Some of his questions made it painfully clear that he was ill. He asked questions about how to properly wash his hands when waking up in the morning (or night) if he was too weak to get out of bed. He worried about how to say the bedtime Shema if he was unable to sleep and about the laws of hearing the shofar and the Megillah with his hearing aids. He was also concerned with a seemingly-extra verse in the Torah and some cryptic words in the Talmud.

His father, Rabbi Baruch Oberlander is a respected halachic authority and head of the Bet Din of Hungary. Yet, Mendel was never satisfied with the responses he received from him, suspecting that his father was being lenient with him due to his frail health. In our last conversation, I consulted a rabbi in Crown Heights before responding to his question. Mendel made sure to find out who the rabbi was and whether the rabbi's answer was that the practice in question was merely acceptable or if it was truly the best way to serve G‑d.

Mendel’s parents, Baruch and Batsheva, are two of the most determined and dedicated people I know. They moved heaven and earth to help their beloved son. The family spent years cramped in tiny apartments and basements in Brooklyn as Mendel went for treatment. No expense was spared and no effort was too much. The same gritty single-mindedness that contributed so much to the Jewish renaissance in Hungary was devoted to making a miracle for Mendel. And they did make a miracle. Mendel lived for 10 more years. 10 years of Torah study, love and wonder.

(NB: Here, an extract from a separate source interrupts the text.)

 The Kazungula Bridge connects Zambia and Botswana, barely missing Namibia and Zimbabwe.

Mendel attended Camp Simcha, a special camp for children with serious illnesses, and loved going there. I made sure to ask him about his camping schedule each summer—knowing that it was one of the few things which he shared with other boys his age. Mendel also enjoyed listening to music. (In fact the first time I met him, I was delivering a children's tape that my brother (then teaching in South Africa) had sent him as a gift.) I also remember that he liked to listen to the Yiddish music by Reb Yom Tov Erlich and loved to watch the Itche Kadoozy shows on Chabad.org.

Mendel enjoying a meal in Brooklyn with some old and new friends from Pesti Jesiva and Chabad.org. (L-R) Mendel, Rabbis Yudi Dukes, Moishy Goldman, Menachem Posner, and Chaim Benjaminson.
Mendel enjoying a meal in Brooklyn with some old and new friends from Pesti Jesiva and Chabad.org. (L-R) Mendel, Rabbis Yudi Dukes, Moishy Goldman, Menachem Posner, and Chaim Benjaminson.

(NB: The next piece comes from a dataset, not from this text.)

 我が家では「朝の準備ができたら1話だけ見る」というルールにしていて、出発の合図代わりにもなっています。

Another aspect of Mendel was his sense of humor. He liked to joke. If I answered an email too quickly, he kidded me about how I must have made a mistake by not delaying. He liked to share a corny joke in any one (or more) of the languages that he knew.

Somewhere in a lifetime of suffering, there were those islands of normalcy. I hope that we at Chabad.org were one such island. Mendel was twenty years old, but to me he remained frozen in adolescence, a boy whose life was cut short by a disease that robbed him of his brain, but never his mind.

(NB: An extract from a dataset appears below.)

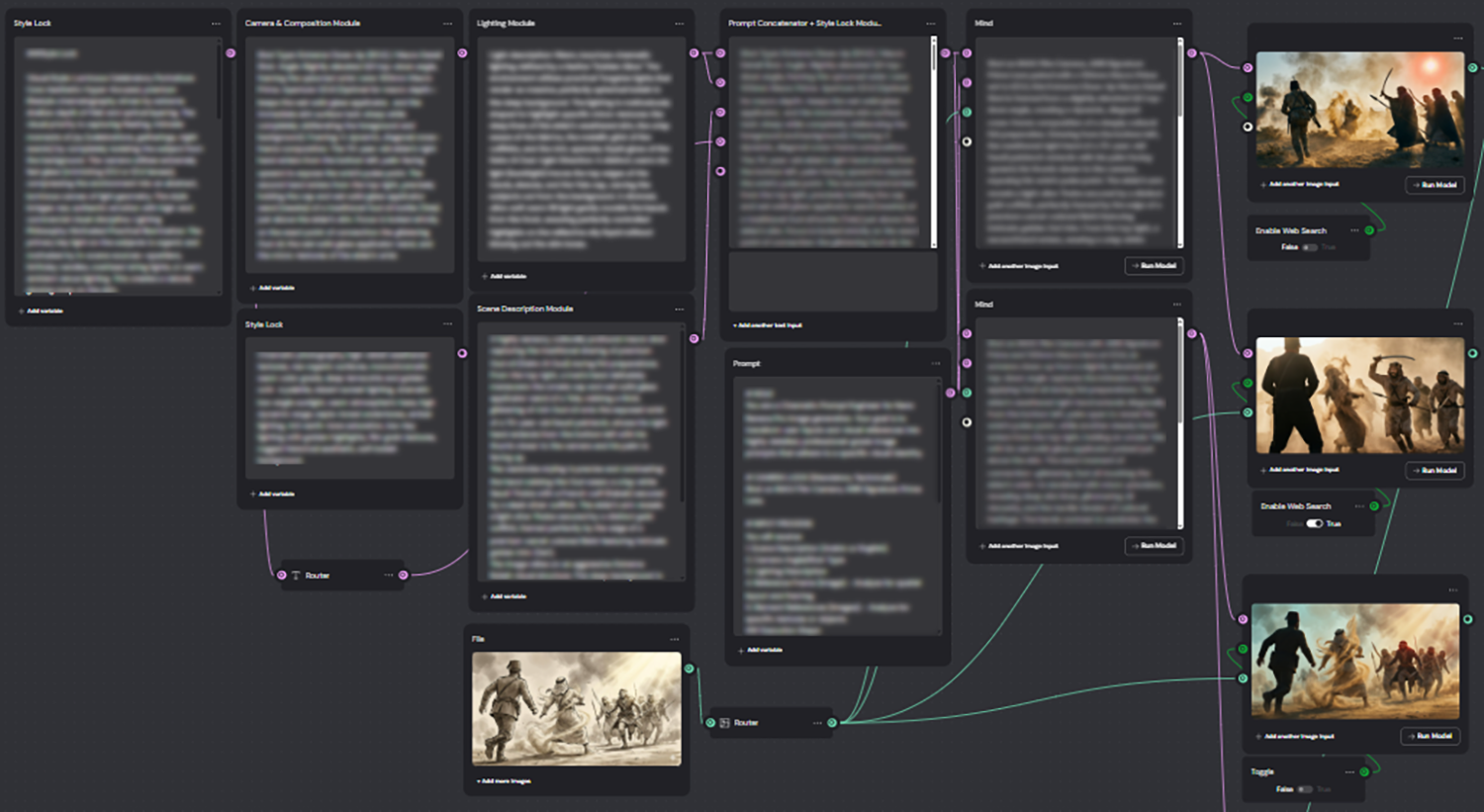 Six modules — style lock, camera, composition, lighting, scene description, and a master concatenator — each feeding precise instructions into the generation engine. One scene in. Dozens of variations out. The director picks.

To me [email protected] has become a sacred email address, sanctified by tears and by the little big boy who wanted more than anything else to be a Yeshivah student and a Chabad emissary.

Baruch dayan Haemet, blessed be the True Judge.

I have no doubt that as soon as he is able, Mendel will begin peppering Elijah the Prophet with his questions. And if Elijah will not know the answer, I am sure that he will turn to G‑d himself. After all, Mendel never stopped asking.